(Records from a dataset)

★ ★ ★ ★ ★

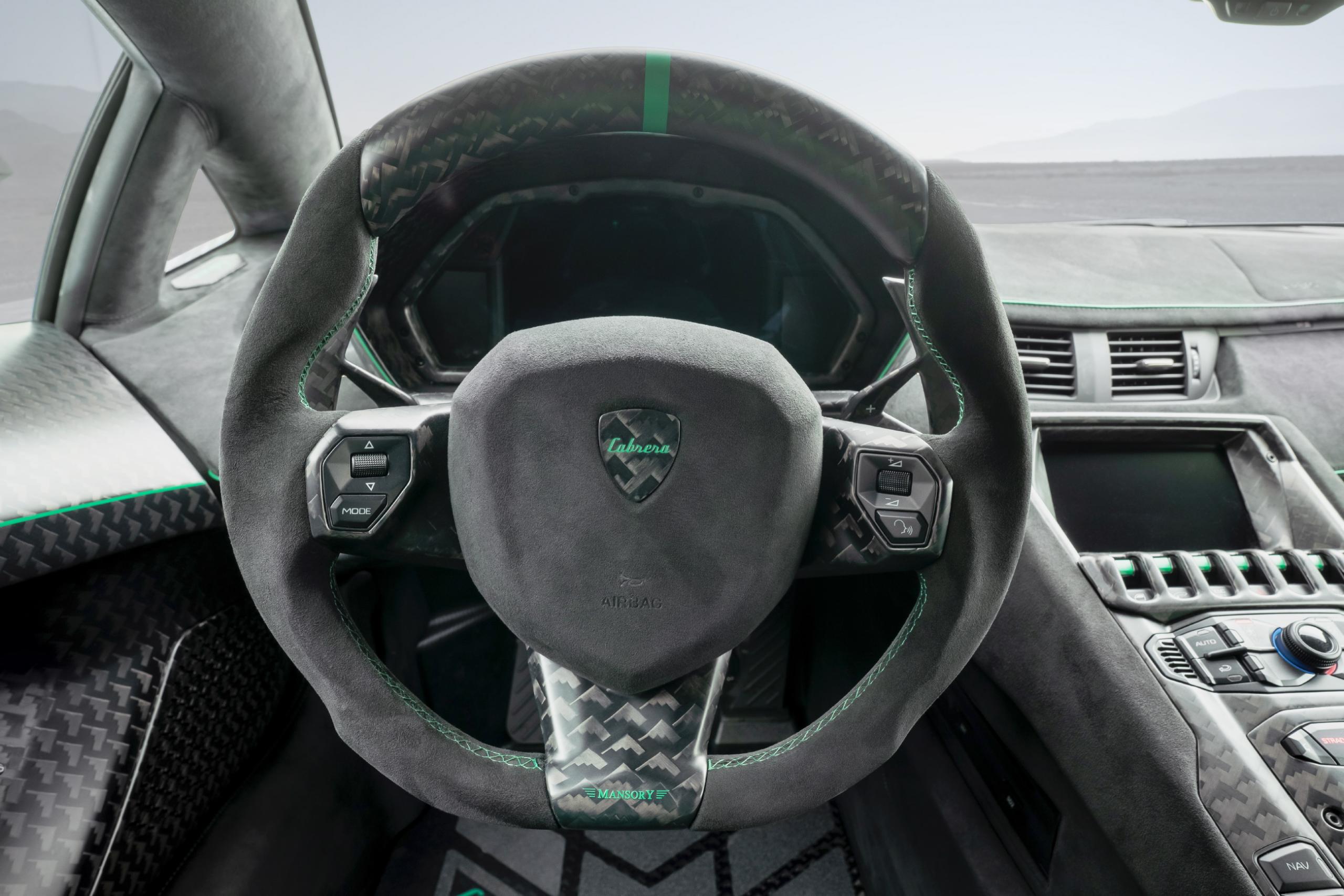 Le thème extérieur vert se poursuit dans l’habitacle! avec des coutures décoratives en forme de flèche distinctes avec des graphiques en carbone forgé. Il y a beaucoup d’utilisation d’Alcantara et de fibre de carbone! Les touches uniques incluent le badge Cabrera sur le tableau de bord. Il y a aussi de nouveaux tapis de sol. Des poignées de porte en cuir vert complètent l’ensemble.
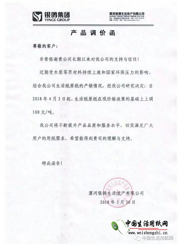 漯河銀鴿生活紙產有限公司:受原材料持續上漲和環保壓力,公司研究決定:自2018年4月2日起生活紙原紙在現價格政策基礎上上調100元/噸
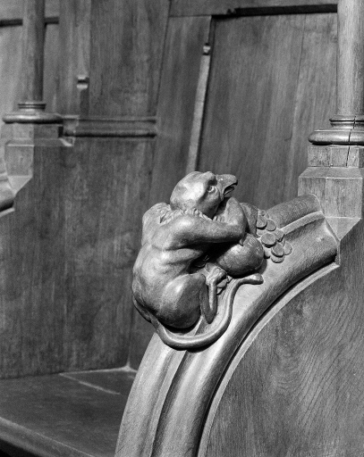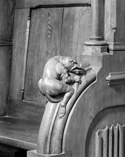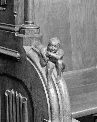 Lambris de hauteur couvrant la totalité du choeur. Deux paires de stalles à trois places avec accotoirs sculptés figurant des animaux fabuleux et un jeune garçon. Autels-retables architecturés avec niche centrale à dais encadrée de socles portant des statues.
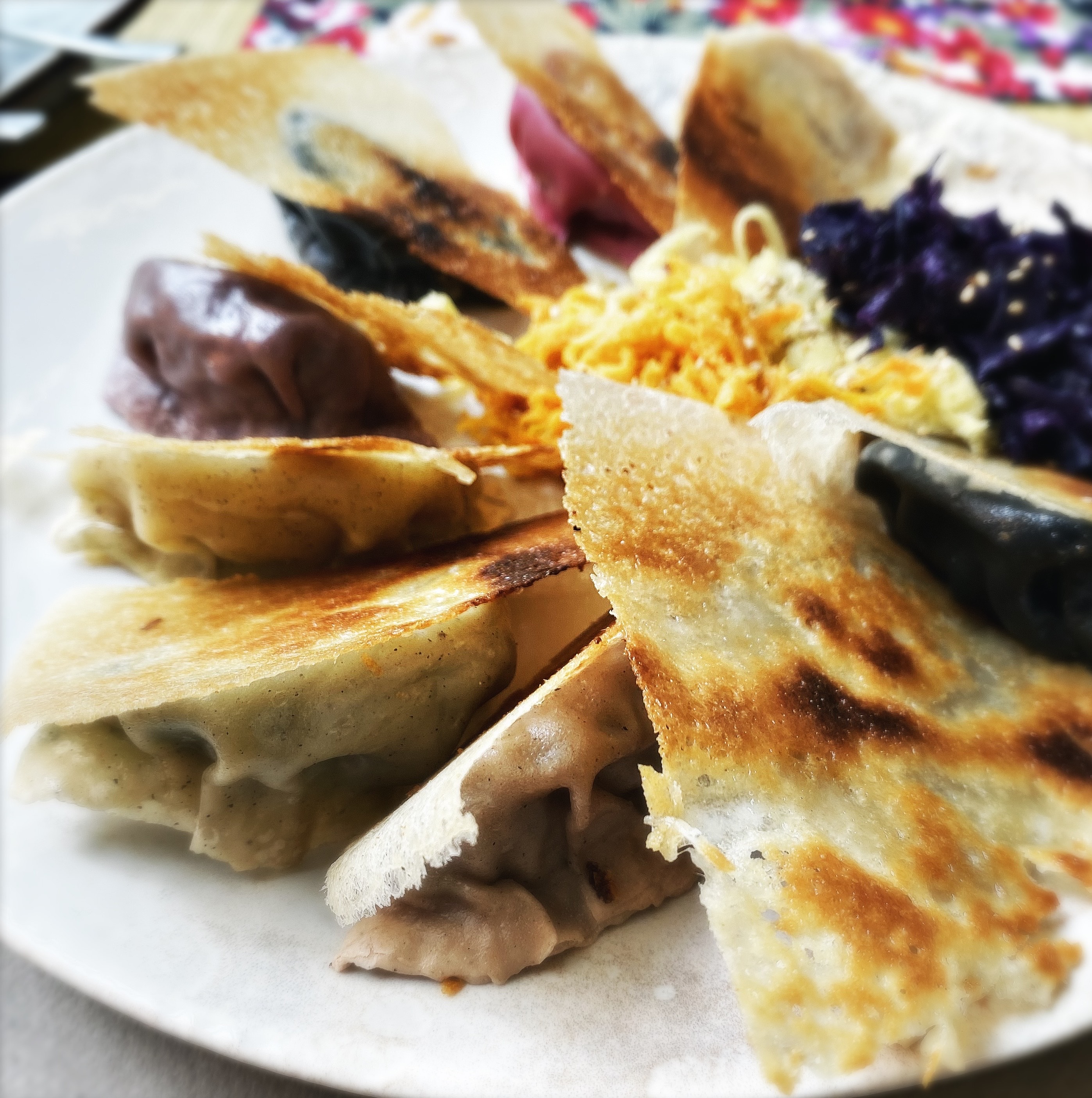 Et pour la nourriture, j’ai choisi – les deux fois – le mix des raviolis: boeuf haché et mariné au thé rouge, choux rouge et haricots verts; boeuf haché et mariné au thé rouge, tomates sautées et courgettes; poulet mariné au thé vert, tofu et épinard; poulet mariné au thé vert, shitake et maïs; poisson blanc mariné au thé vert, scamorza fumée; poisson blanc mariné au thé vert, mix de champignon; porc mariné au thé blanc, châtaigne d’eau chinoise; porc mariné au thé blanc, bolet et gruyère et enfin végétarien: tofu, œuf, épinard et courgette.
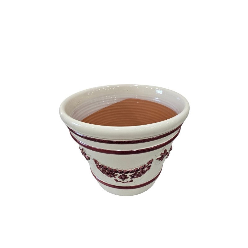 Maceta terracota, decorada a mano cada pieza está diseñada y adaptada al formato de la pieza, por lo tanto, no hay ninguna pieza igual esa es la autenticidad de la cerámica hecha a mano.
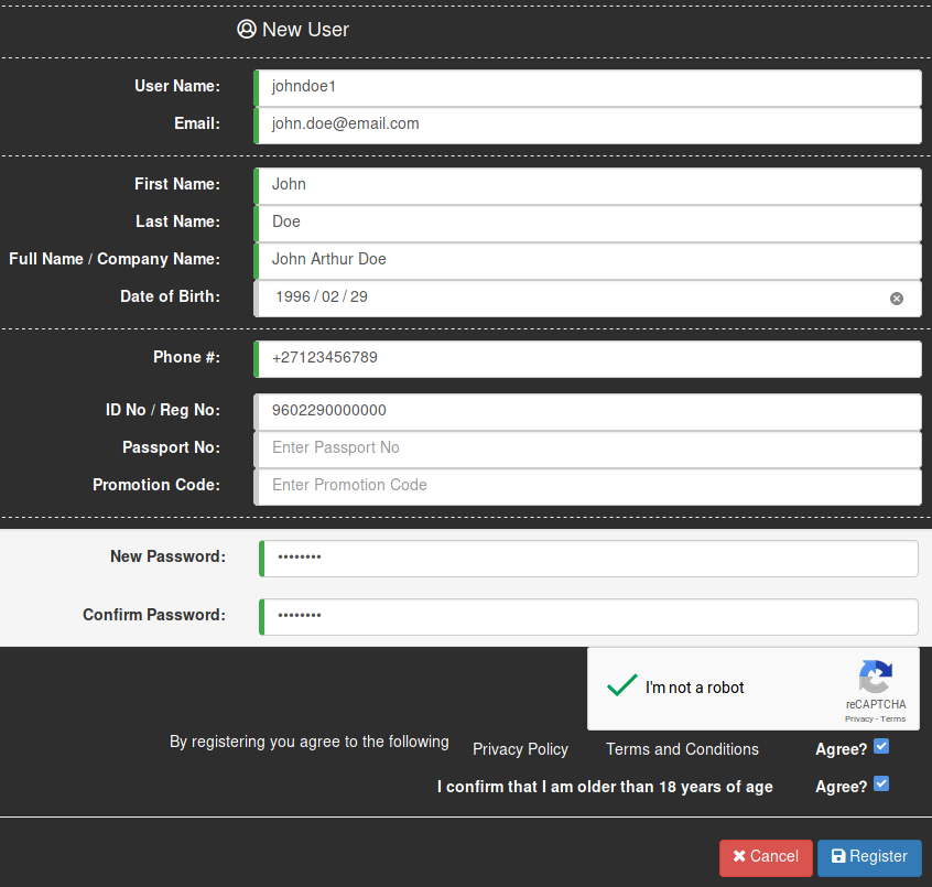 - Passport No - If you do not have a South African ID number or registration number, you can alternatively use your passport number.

★ ★ ★ ★ ★

Activity: What you return should be only the exact lines from the top of the entries through the line with "漯河銀鴿生活紙產有限公司:受", minus the pictures.

Result for this exercise:
 Le thème extérieur vert se poursuit dans l’habitacle! avec des coutures décoratives en forme de flèche distinctes avec des graphiques en carbone forgé. Il y a beaucoup d’utilisation d’Alcantara et de fibre de carbone! Les touches uniques incluent le badge Cabrera sur le tableau de bord. Il y a aussi de nouveaux tapis de sol. Des poignées de porte en cuir vert complètent l’ensemble.
 漯河銀鴿生活紙產有限公司:受原材料持續上漲和環保壓力,公司研究決定:自2018年4月2日起生活紙原紙在現價格政策基礎上上調100元/噸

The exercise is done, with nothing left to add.